Swedish Mosque Arson Attack
Firemen work as smoke billows from the windows of a mosque in the Swedish town of Eskilstuna, Thursday, Dec. 25, 2014. An arsonist set fire to the house of worship, injuring five people, police said. The incident comes amid an intense debate over immigration. Reuters/Pontus Stenberg/TT News Agency

An arsonist lit a mosque afire Thursday in Eskilstuna, an industrial city 86 miles west of the Swedish capital Stockholm, injuring five of the 15 to 20 people who were inside at the time. No suspect has been apprehended.

"A witness saw somebody throw an object through the window of the building, which serves as a mosque, after which a violent fire began," police spokesman Lars Franzell told Reuters. Images on local television showed flames and smoke billowing out of the house of worship.

The incident comes as the Swedish far right has been pushing to curb the country’s liberal policy on asylum seekers and two days after thousands of Germans took to the streets of Dresden to decry what they view as an “Islamization” of Europe.

Far-right parties with anti-Muslim agendas have increased in Europe in recent years, but until recently Sweden had been largely spared.

But the Sweden Democrats, an anti-immigrant populist party, shocked the country by capturing 13 percent of the vote in September’s general election that saw the country’s center-left coalition lose its majority. The 26-year-old party, which only broke into parliament in 2010, wants to curb immigrant asylum seekers by 90 percent.

Earlier this month, Sweden Democrats secretary Björn Söder raised concerns among liberal-minded Swedes when he said Jews, Sami (Laplanders) and Kurds should not be considered real Swedes until they assimilate into the country’s dominant culture, according to Financial Times.

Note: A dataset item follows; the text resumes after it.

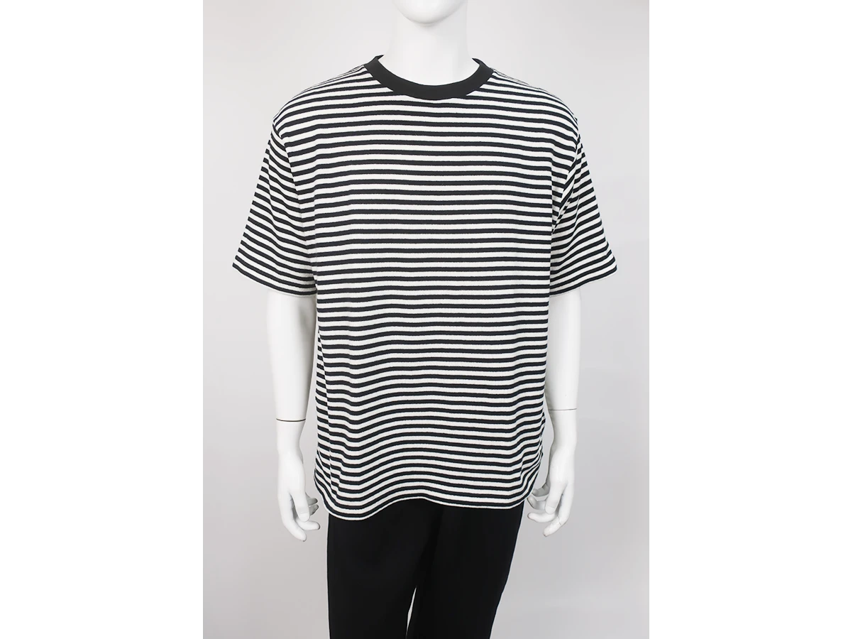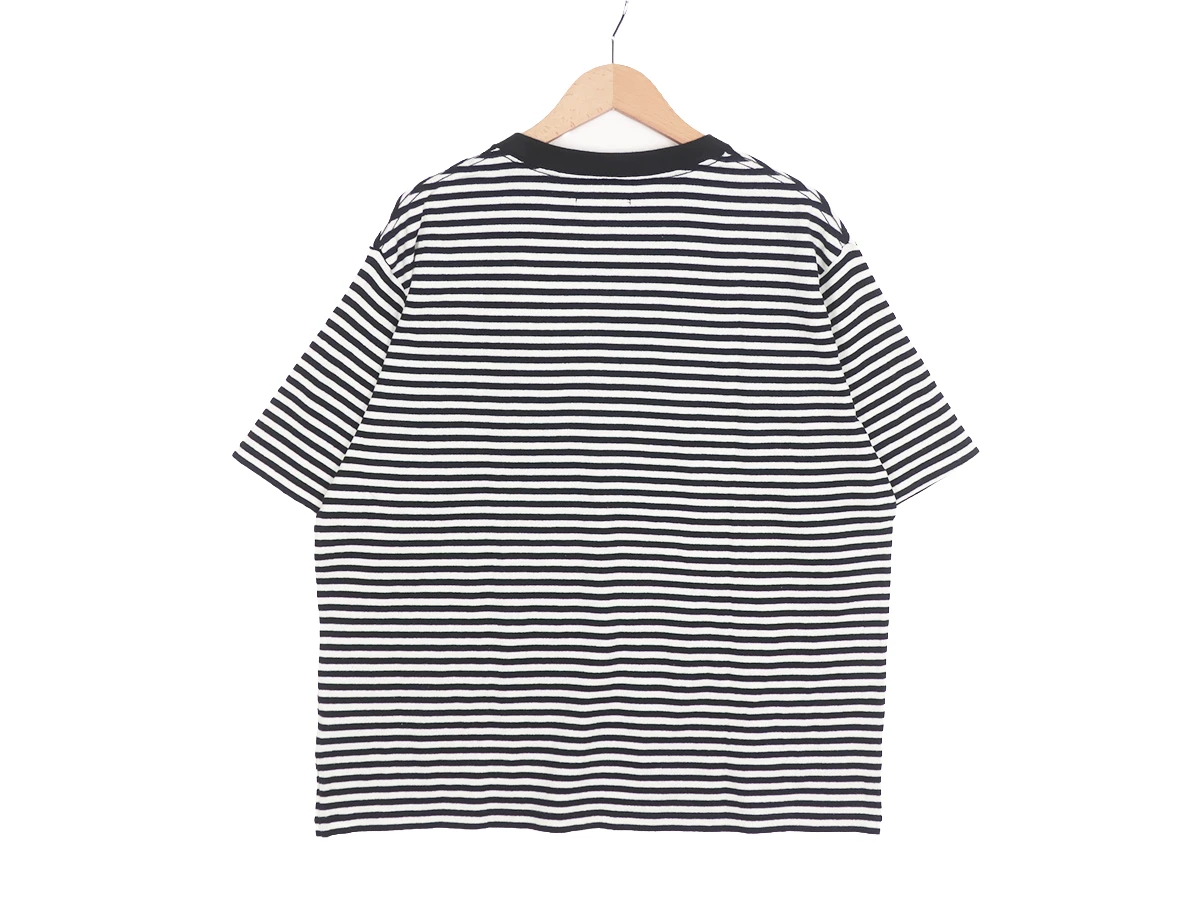 20/2先染めボーダー天竺を使用した、半袖クルーネック。ローゲージ編み機で編み立てた、ニットのような豊かな表情と奥行きになっており、上質で柔らかなタッチが魅力。

This month, Stefan Löfven, prime minister since October, said the country will hold snap elections in March after the Sweden Democrats used their newfound power to vote against the country’s budget, forcing midterm elections for the first time in 50 years. There are an estimated 475,000 Muslim Swedes. About a fourth of them are active participants in the faith, many of whom are recent immigrants from the Middle East to the predominantly Lutheran country known for its liberal secular values.